Wednesday, October 20, 2021

K-Drama: One day at a time, forever

I just finished re-watching The King: Eternal Monarch (TKEM). One has to pause to say that Lee Min-ho and Kim Go-eun are mesmerizing as individuals and as a powerful partnership. OK, that out of the way, what I asked myself was, "Given that K-drama is all metaphor, what was this really about?" There are deep threads throughout, helping us think about fate and destiny, both about the paths our lives take. I am giving a talk as a "model scholar," which has caused me think about my own life and work. Influenced by TKEM, I would have to acknowledge how overdetermined my work has been by the set of family, community and world issues into which I was born. 

Yet the path is also determined by the steps we take, and in that regard, we can choose to accept our destiny -- we can work with circumstance. In TKEM, the lovers can only have a long-distance relationship. They commit to this, and adopt the strategy that they will live one day at a time, forever.  They fill their time together with small dreams and adventures, so that every day is what it can be. They part without dramatics. Michael Lally, faced with a difficult situation, will always suggest, "Don't make a big deal about it." This is useful because it helps the brain move on from the intense experience. 

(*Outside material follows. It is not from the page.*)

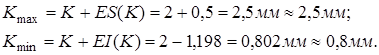 К–Иmax = dmax + Y1 + Hp / 2 = 50,021 + 0,003 + 0,002 / 2 = 50,025 мм;
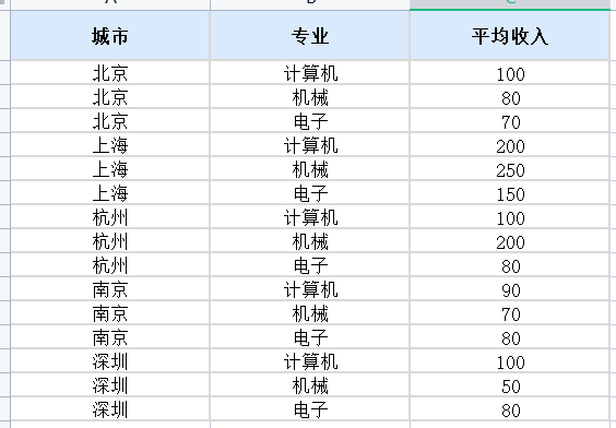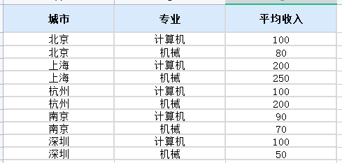 数据内容如下,“城市”为 X 轴字段,“专业”为系列字段,“平均收入”为 Y 轴字段。

We are in a situation that has some of that tension. A note from Monthly Review editor John Bellamy Foster puts our larger situation in context:

Less than a decade ago there was a virulent debate on the left on the question of “catastrophism.” A number of influential socialist thinkers, including friends of ours, charged Monthly Review with having exaggerated the dangers to humanity arising from the accelerating planetary ecological crisis induced by capitalism. Fast-forward a few years to the present, in which we are increasingly confronted in our daily lives with a chain of catastrophes, including record heat waves, persistent droughts, out-of-control wildfires, megastorms, unprecedented floods, torrential rainfall, glacier melts, and sea level rise, combining in myriads of ways to threaten every region and ecosystem on earth—with the prospect that under present conditions this will only get worse. The COVID-19 pandemic, meanwhile, has alerted the world to the dangers of the spread of zoonotic diseases across the globe, resulting from the economic destruction of critical ecosystems and the interface of this with agribusiness monocultures and global commodity chains.

We are in a long-distance relationship with peace and tranquility. So the question becomes, "What's there to be GLAD about?" It's a good question, and so thoughtful of TKEM to be so concrete about finding joy in circumstances that might defeat one.  More to follow on this question!